Career paths in ABF
Careers at banks
Careers at banks
Banks sit at the center of ABF infrastructure, providing warehouse facilities to originators and underwriting term securitizations. Whether you join a warehouse lending team, a securitization desk, or a structured products group, you will work on transaction execution and build technical skills that transfer throughout the industry.
Why work at a bank
Banks offer the most structured career path in ABF with clear progression, formal training, and predictable compensation. The technical skills you develop and the transaction volume you experience create strong foundations for future opportunities.

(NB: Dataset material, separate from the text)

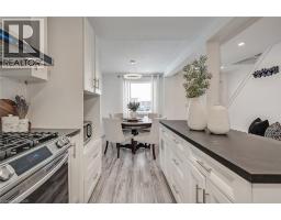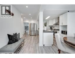 Perfect for first-time buyers, this move-in-ready two bedroom, one bath home is thoughtfully updated on a fully fenced lot. The welcoming front entrance features pot lights and wood-look flooring that continues throughout much of the home. The bright eat-in kitchen is beautifully updated with modern cabinetry, countertops, backsplash, island, updated lighting, and stainless steel appliances including a gas stove. The living room offers patio doors that walk out to a private backyard with a wood deck, shed, BBQ, and patio umbrella, ideal for entertaining or relaxing outdoors. The primary bedroom includes wood-look flooring, pot lights, and an organized closet system, while the second bedroom also features matching flooring and pot lights. The four piece bathroom offers a soaker tub, pedestal sink, vanity mirror, and pot light. The lower level provides laundry with a new dryer, built-in shelving, ample storage, and a rough-in for a future bathroom. Additional updates include exterior siding and eaves troughs, updated flooring, baseboards, trim, interior doors, pot lights, thermostat, exterior security system, updated electrical plus a 100 AMP panel, and has no rental equipment. Close to amazing shops, restaurants, amenities and all that this fantastic neighborhood has to offer. (id:61594)
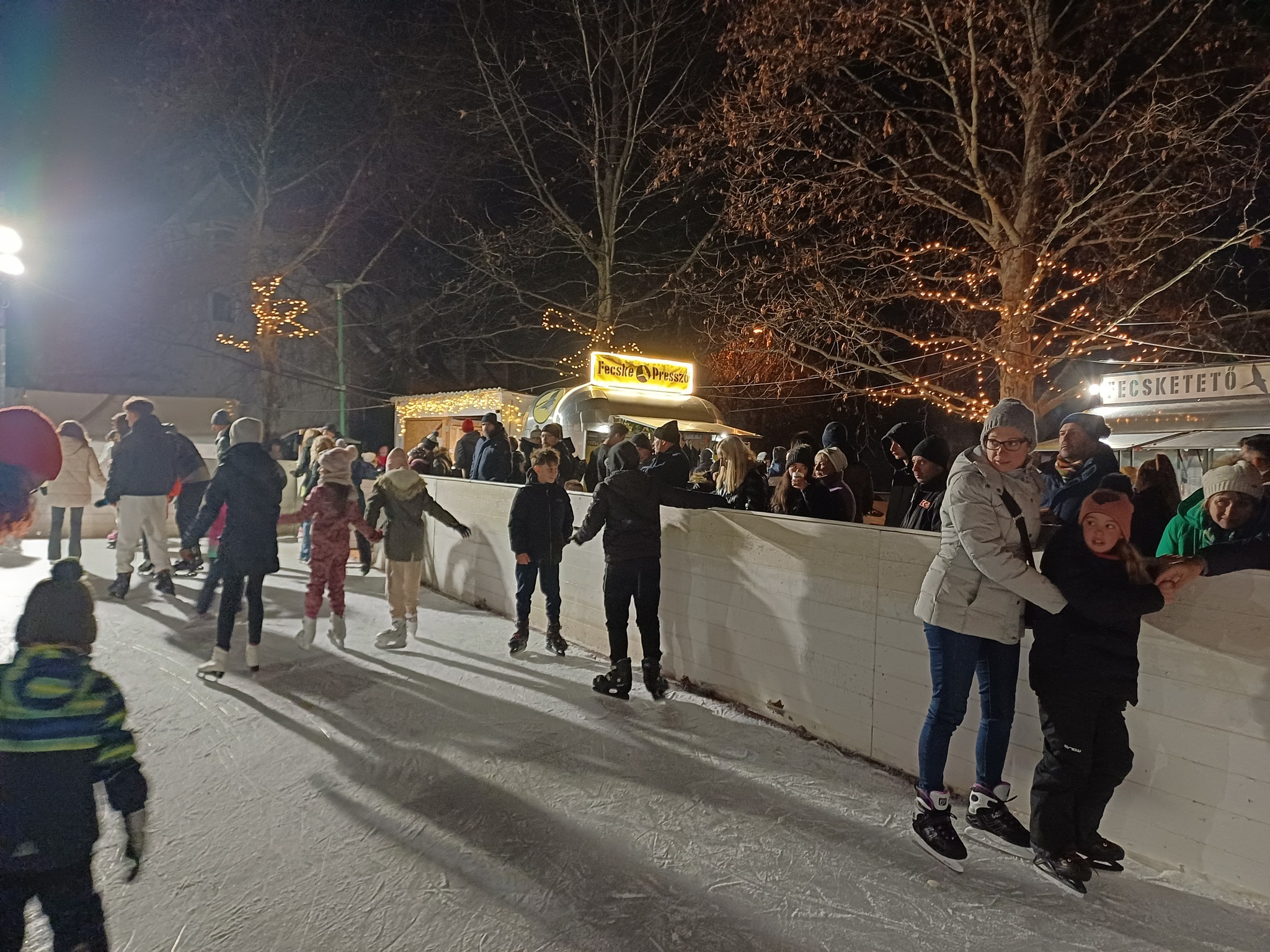 A friss, csillogó jég, a meghitt fények és a rengeteg mosolygó arc már az első napon megtöltötte élettel a pályát. Gyerekek, családok, barátok – mindenki megtalálta a maga örömét a csúszásban.

Advantages of the bank path:
- Structured training programs
- Clear promotion timelines
- Strong brand recognition for resume
- High transaction volume builds experience quickly
- Network with many market participants
- Predictable compensation and benefits
Tradeoffs to consider:
- Less investment decision-making authority
- More hierarchy and approval processes
- Work can become process-oriented at senior levels
- Compensation ceiling lower than buy-side at senior levels
- Larger teams mean more competition for advancement
- Balance sheet constraints can limit deal flexibility
Bank ABF functions
Banks organize ABF activities across several distinct functions, each with different day-to-day work and career dynamics.
Warehouse lending
Warehouse teams provide credit facilities to originators. You evaluate borrowers, structure facilities, and monitor portfolio performance. This is the most direct ABF banking role.
Teams include:
- Origination (client coverage and deal sourcing)
- Structuring (facility design and term sheet development)
- Credit (underwriting and risk assessment)
- Documentation (legal negotiation and execution)
- Portfolio management (ongoing monitoring)
Securitization desks
Securitization teams underwrite term deals, distributing risk to investors. Work is more capital markets oriented, with emphasis on market timing, investor relationships, and execution.
Teams include:
- Origination and coverage
- Structuring
- Syndication and distribution
- Trading
Structured products groups
Some banks organize structured products teams that cover both warehouse lending and securitization across asset classes. These provide broader exposure but may have less depth in any single area.
Core roles at banks
Structuring
Structuring professionals design warehouse facilities and securitization transactions. You determine advance rates, calibrate triggers and covenants, and create the economic terms that make deals work for all parties.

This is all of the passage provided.